EXERCISE:
Exactly and only the lines from the first entry through the line with "Dani-tyynynpäällisen etupuoli on" should be copied, both ends included, with no pictures.
──────── DATA EXTRACT
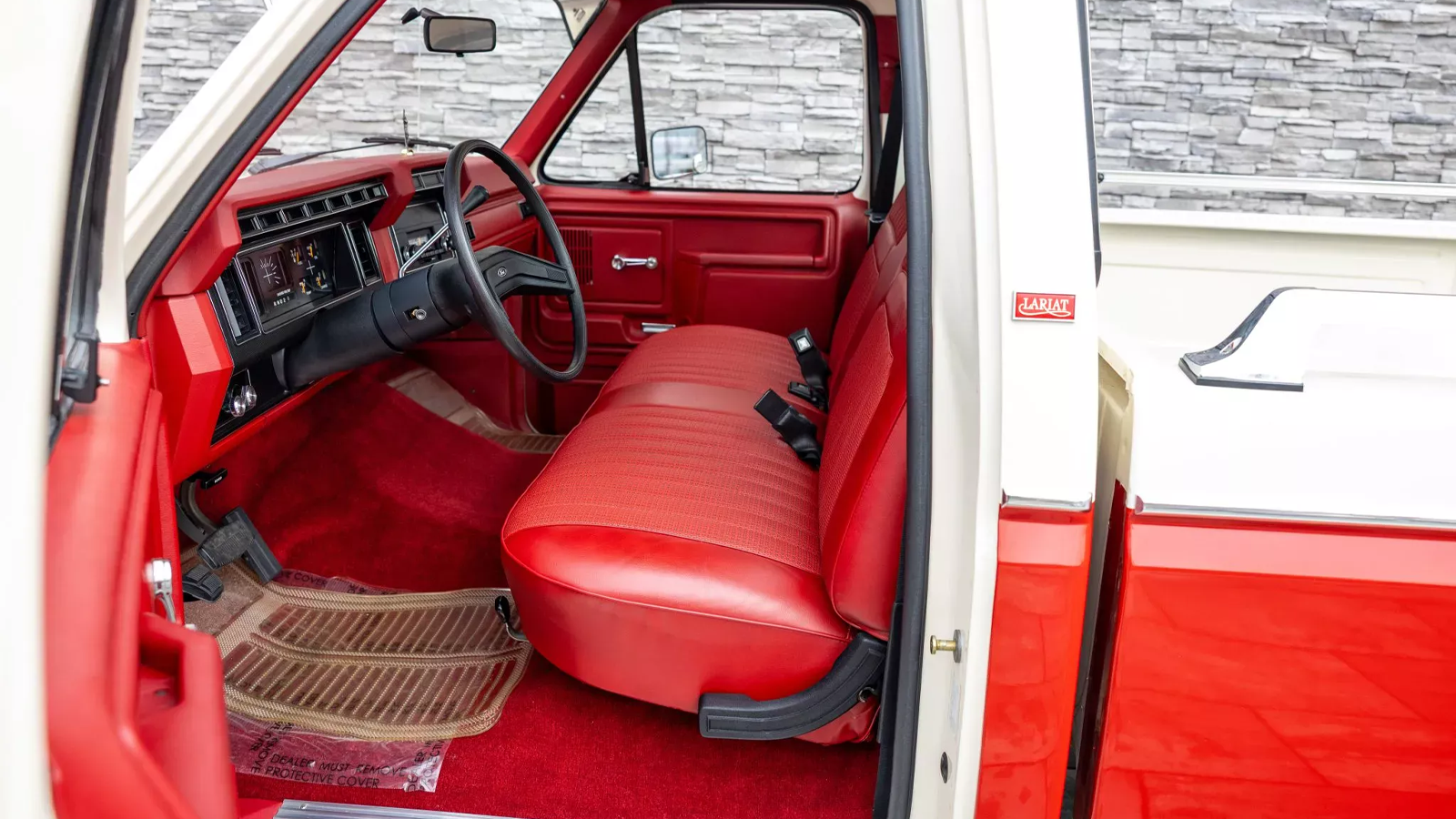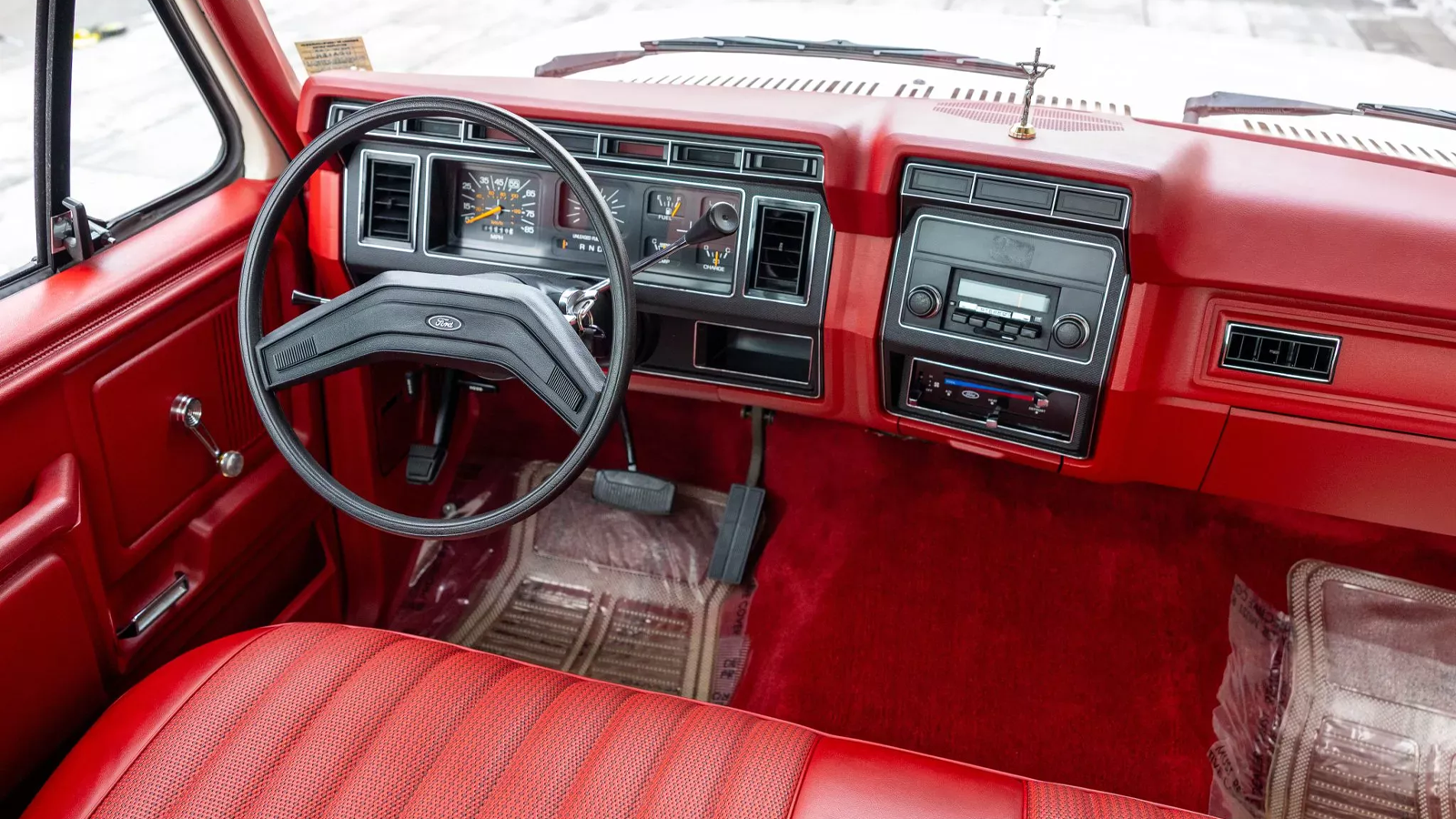 Finished in Wimbledon White over a Candyapple Red interior, the truck presents as a near-perfect snapshot of 1983. The chrome trim remains bright, the paint retains its factory sheen, and even the original 15-inch wheels wrapped in General Steel Radial tires are still fitted.
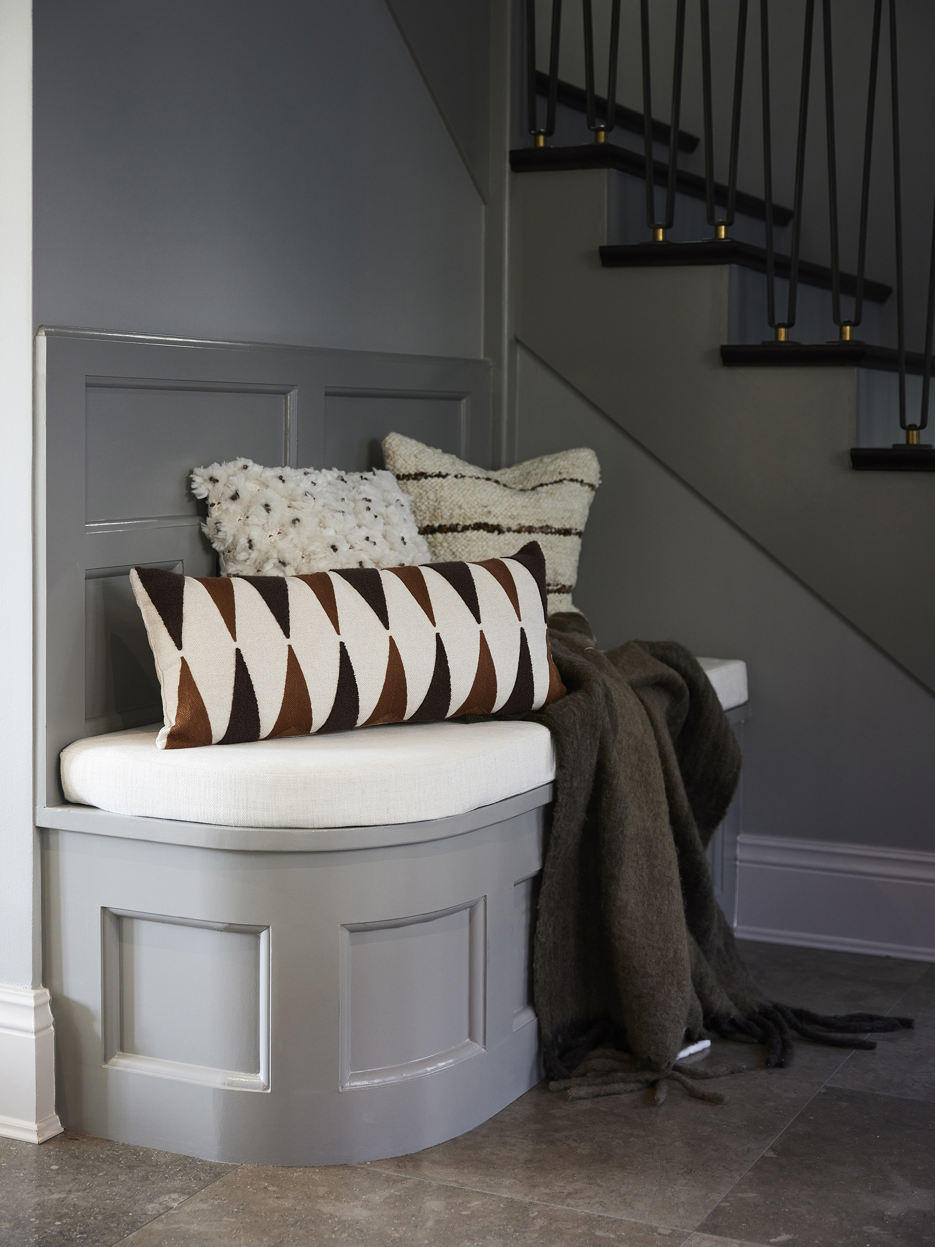 Dani-tyynynpäällisen etupuoli on tiukkaan kudottua uusiseelantilaista villaa. Taustapuoli on vahvaa puuvillakangasta, piilovetoketju.
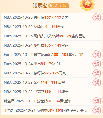 昨日取得一场NBA胜利,近11胜7。张展宏继续深挖数据,不吹不擂真实成绩有目共睹。继续为大家送上高质量和专业的赛事理解,敬请大家关注!
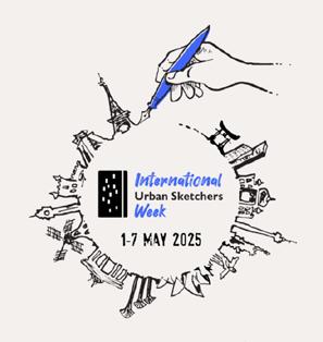posters, badges, or even a custom stamp for your drawings. Throughout the week, share your sketches, experiences, and local sketching stories using #USkWeek2025. Let’s show the world what urban sketching means to us! Visit the Urban Sketchers website for all the details and resources.
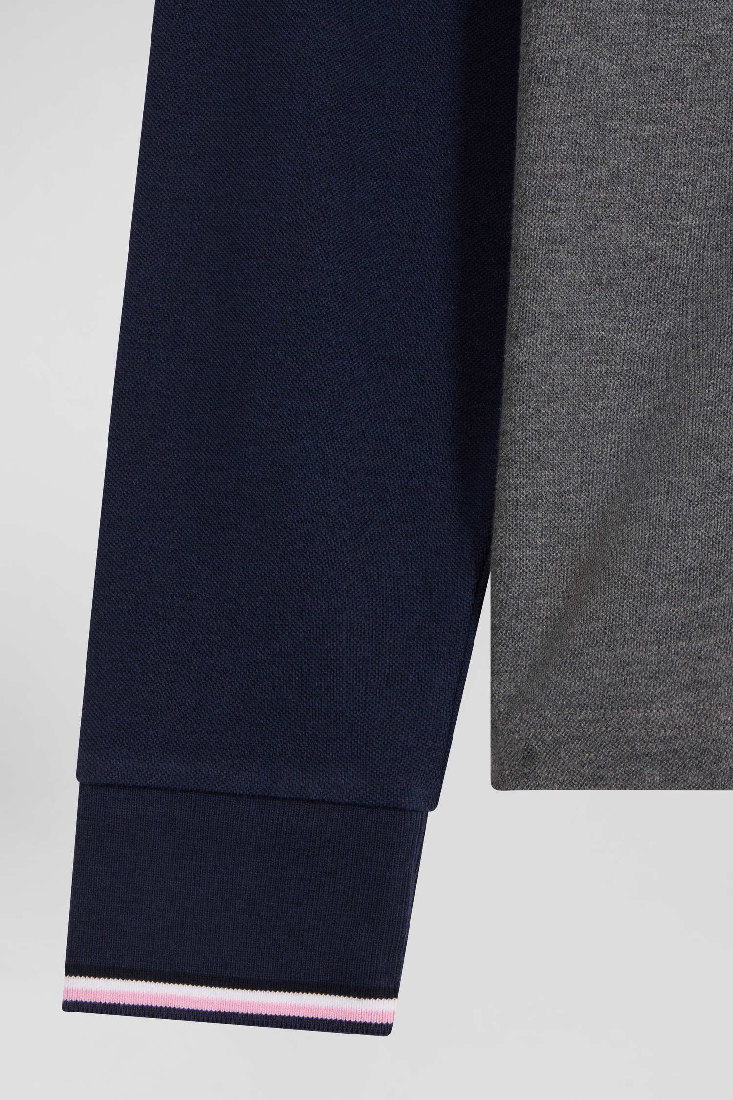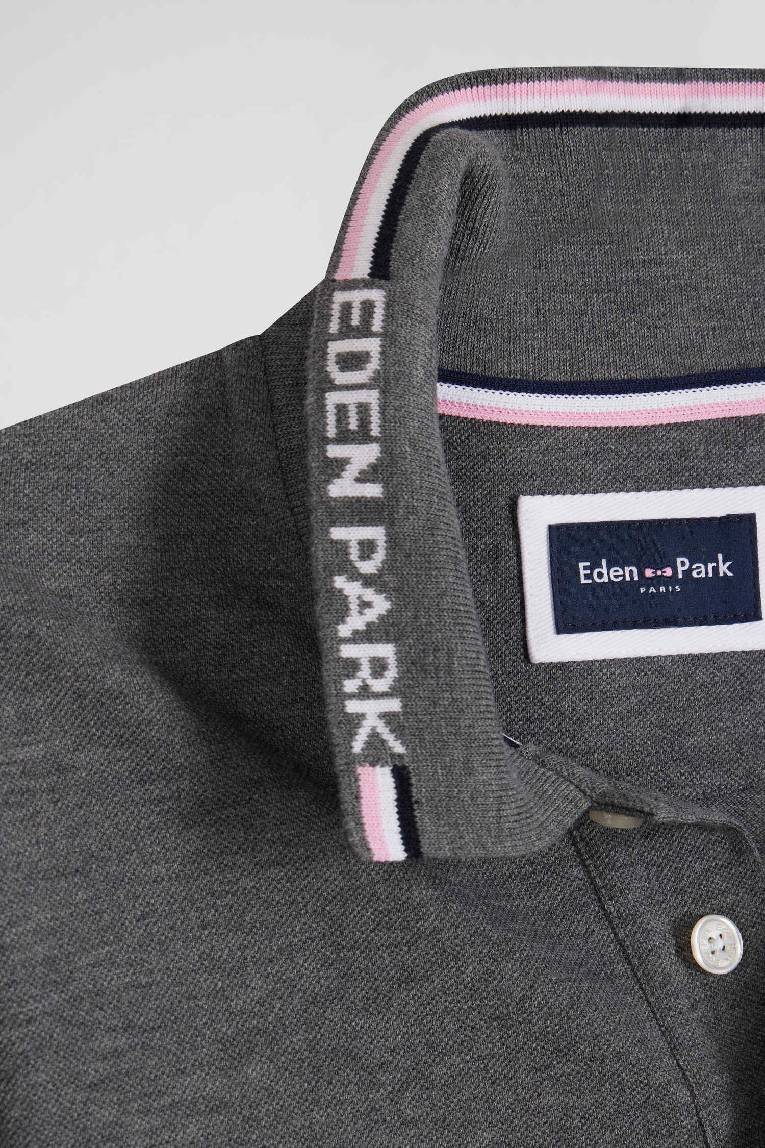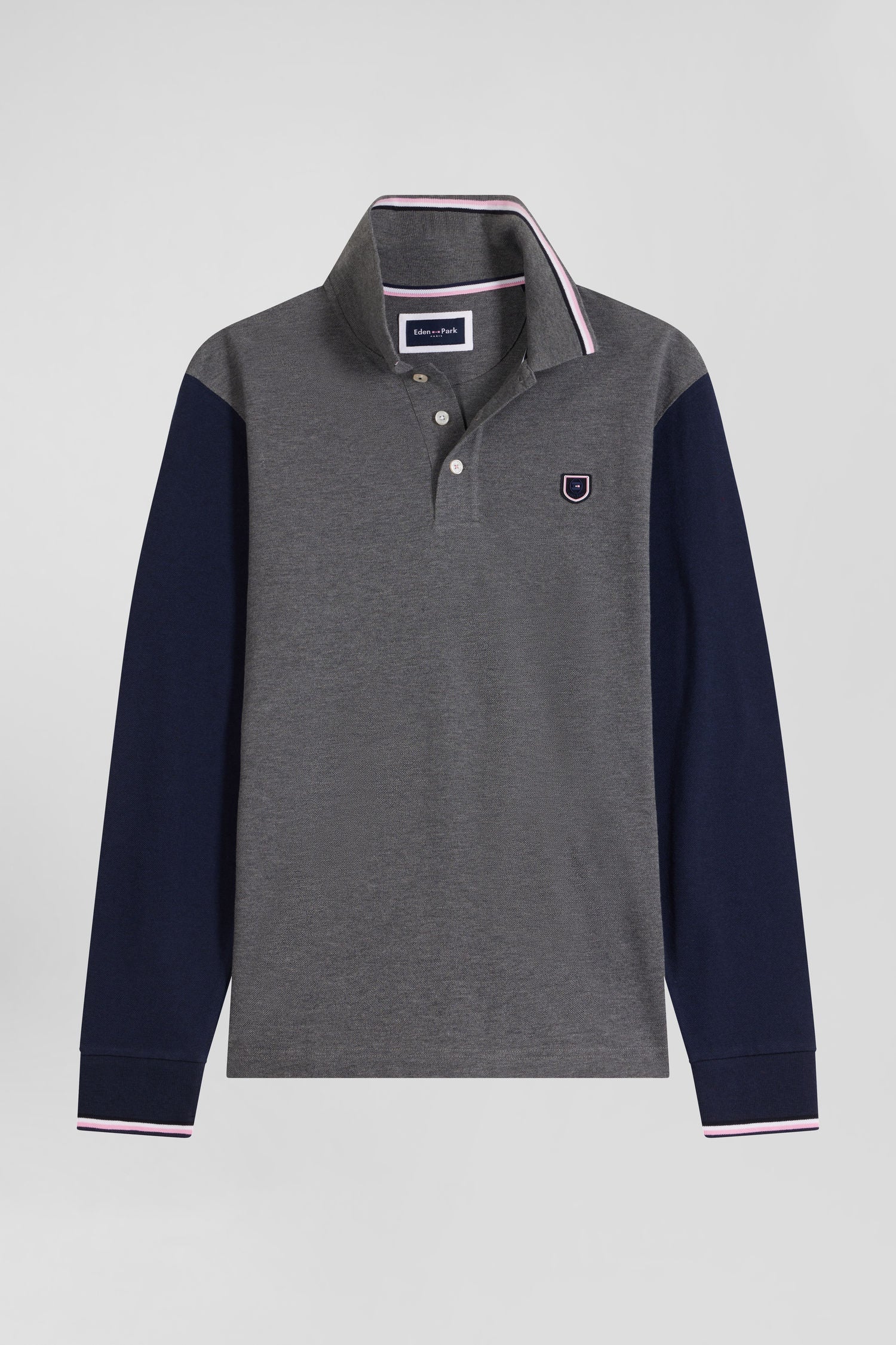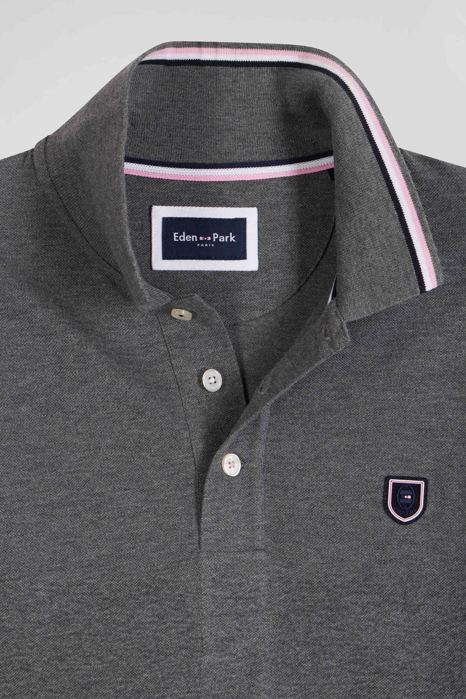 Polo manches longues en piqué coton gris col jacquard écusson gomme coupe Regular
────────────────
SOLVED PROBLEM:
 Finished in Wimbledon White over a Candyapple Red interior, the truck presents as a near-perfect snapshot of 1983. The chrome trim remains bright, the paint retains its factory sheen, and even the original 15-inch wheels wrapped in General Steel Radial tires are still fitted.
 Dani-tyynynpäällisen etupuoli on tiukkaan kudottua uusiseelantilaista villaa. Taustapuoli on vahvaa puuvillakangasta, piilovetoketju.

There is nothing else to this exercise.